Index: lib/Foswiki/Plugins/WysiwygPlugin/Handlers.pm
===================================================================
--- lib/Foswiki/Plugins/WysiwygPlugin/Handlers.pm       (revision 12180)
+++ lib/Foswiki/Plugins/WysiwygPlugin/Handlers.pm       (working copy)
@@ -612,7 +612,7 @@
     # Encode::FB_PERLQQ makes decode_utf8 convert invalid octet sequences
     # into a perl escape sequence, octet for octet (e.g. \xFF\x80),
     # instead of throwing an exception.

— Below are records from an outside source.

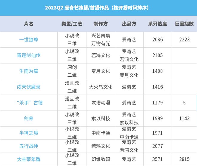 爱奇艺为暑期档绸缪了一波产生。二季度开播的动画中有6部小说改(均为三维)、2部漫画改和1部原创动画(均为二维动画),最常睹的标签是玄幻◆、热血、冒险。学术趴此前也撰文先容过爱奇艺的暑期动画。
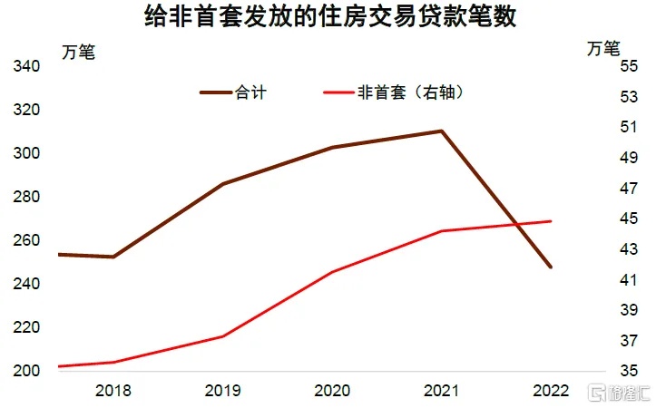 改善型需求内生动力强,但反弹幅度也受到其他因素影响。从公积金贷款的样本来看,2022年住房交易套数下降约20%,但是非首套购房数量仍然同比增长1.4%,显示出改善型需求有较强的韧性,但也同时说明非首套购房的基数并不算低。在房价仍在上涨的2021年,非首套购房数量的同比增速在11%左右。假设这次非首套房销售增速不高于11%,那么边际上或对未来数月的销售同比增速拉抬2个百分点左右。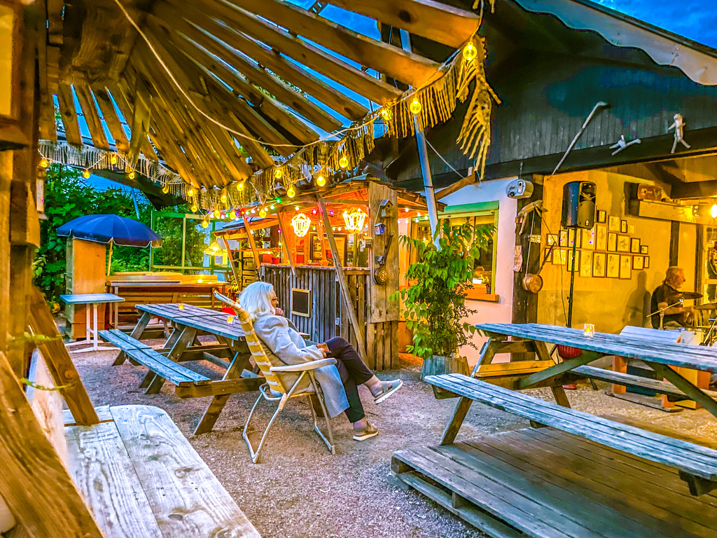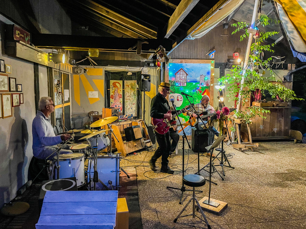 Het is nog te vroeg voor de blues. Pas als de schemer binnensluipt, begint de bas te lopen en vallen de gitaren en drums hem bij. Aan de bar is de dorst snel gelest en “Brown Eyed Girl” gaat er lekker in. Na een paar glazen wijn en een golf van akkoorden is mijn kussen de fijnste plek en daal ik binnen een seconde af naar dromenland.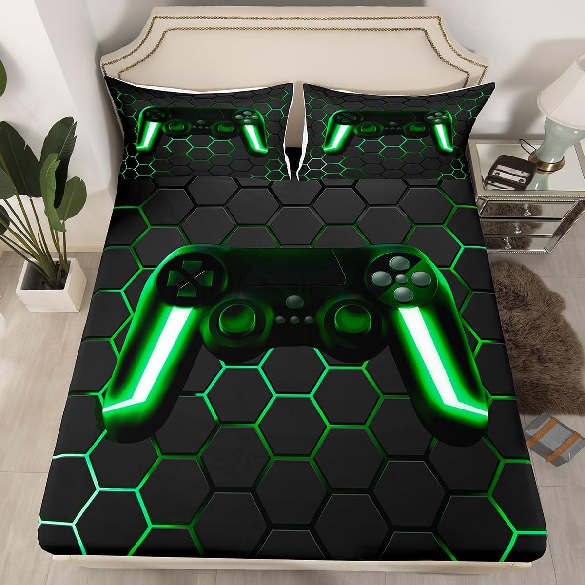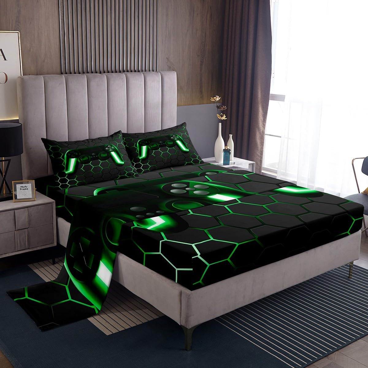 Perfect for bedrooms of teenagers, gamers, or even young boys, these game bed sheets are built to last with non-fading colors that stay vibrant over time. The flat sheet features a striking geometric pattern, making it an essential addition for those who love modern and trendy designs. Each set includes a matching pillowcase, offering a complete and cohesive look for your bedding needs.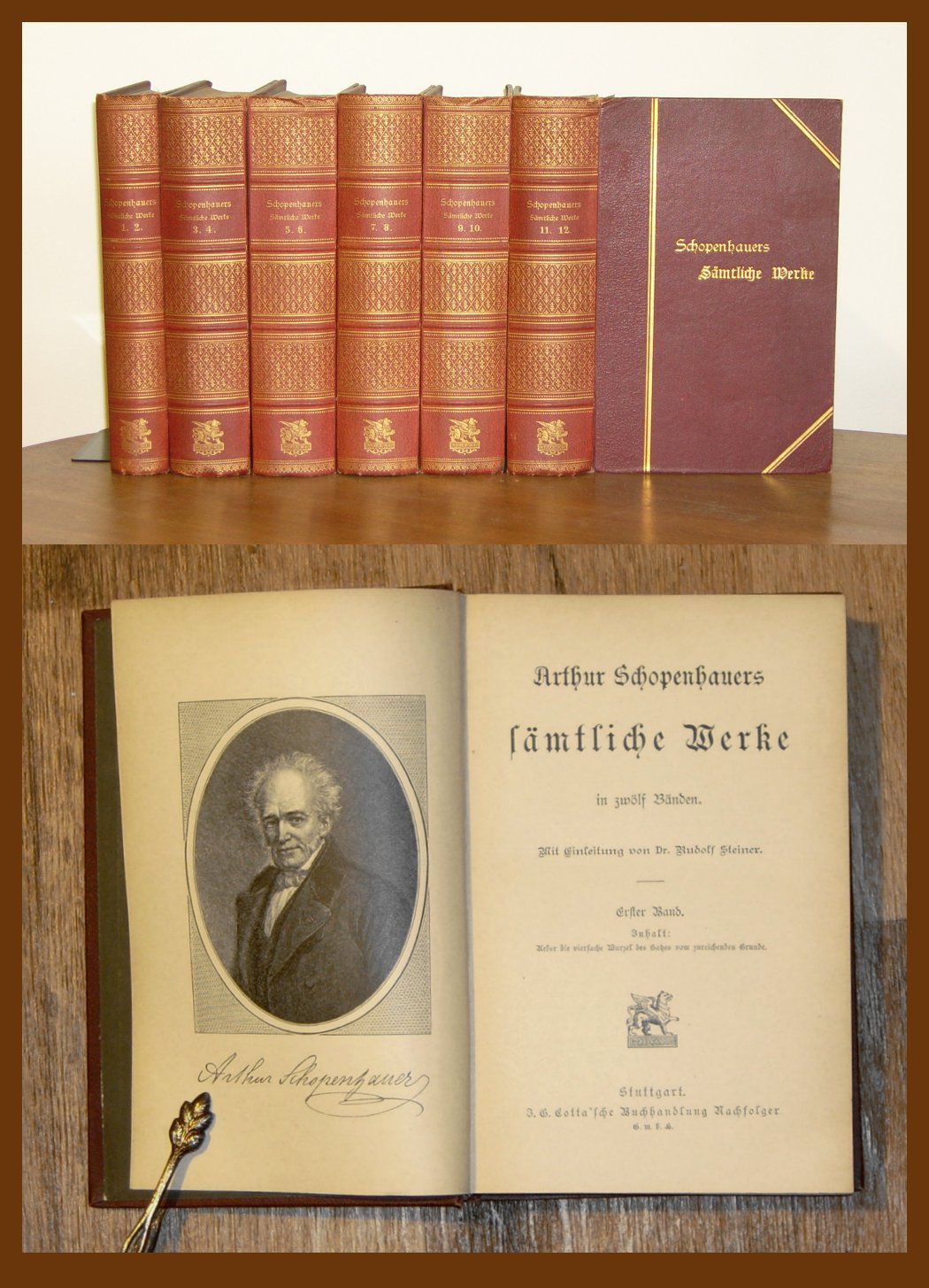 Schopenhauer, Arthur / Steiner, Dr. Rudolf. Sämtliche Werke in zwölf Bänden (6 Bücher). Stuttgart, J. G. Cottasche Buchhandlung, o. J. (um 1890). 8°, mit Portrait Schopenhauers in Bd. 1, zus. ca. 3560 S., OLn. Gesamtausgabe der Werke Schopenhauers. Leineneinbände in Lederoptik etwas berieben, kaum bestossen, Rücken leicht aufgehellt. Vorderes Innengelenk von Band 9 etwas gelockert. Papierbedingt gering gebräunt. Saubere, gute Exemplare. Bestell-Nr: 13-0-5..........verkauft | ![]() | |

This defuses the invalid sequence.
-    $text = Encode::decode_utf8( $text, Encode::FB_PERLQQ );
+    $text = Encode::decode_utf8( $text, Encode::FB_PERLQQ ) if utf8::is_utf8($text);
 
     # $text now contains unicode characters
     #print STDERR "as utf-8  [". WC::debugEncode($text). "]\n\n";

-- MichaelDaum - 22 Jul 2011

That patch looks exceptionally dangerous, as IME utf8 sequences can occur in plain text resulting in bogus decodings.

Without the patch, my system works fine.
  • CGI-3.49 (note that the most recent version is 3.55 - I don't know how you managed to install 4.34!)
  • perl 5.10.1
  • HTML::Entity not installed
  • Encode 2.35
  • {Site}{CharSet} = iso-8859-15
  • {Site}{LocaleRegexes} = 1
  • {UseLocale} = 0
  • UserInterfaceInternationalisation} = 0
Not using fcgid or mod_perl.

Note that the code you patched is involved in interpreting an AJAX request from the client. AJAX requests are always encoded using UTF8. As the comment states Encode::FB_PERLQQ makes decode_utf8 convert invalid octet sequences. Since you are getting a conversion to \x, it must think that the UTF8 sequences in your text are invalid. The most likely cause of this is double-decoding i.e. the request coming in has already been converted to another charset, perhaps even unicode. Without being able to reproduce this problem, it's anybodies guess.

If we had an answer to this, we would have fixed it years ago. The encoding problem is a nightmare.

-- CrawfordCurrie - 23 Jul 2011

Argh, Crawford is right. Michael: the if utf8... check is probably working for the wrong reason. I suspect you've got a unicode "tainted" string which (somehow) contains un-decoded utf8 octets. In other words, double-encoded.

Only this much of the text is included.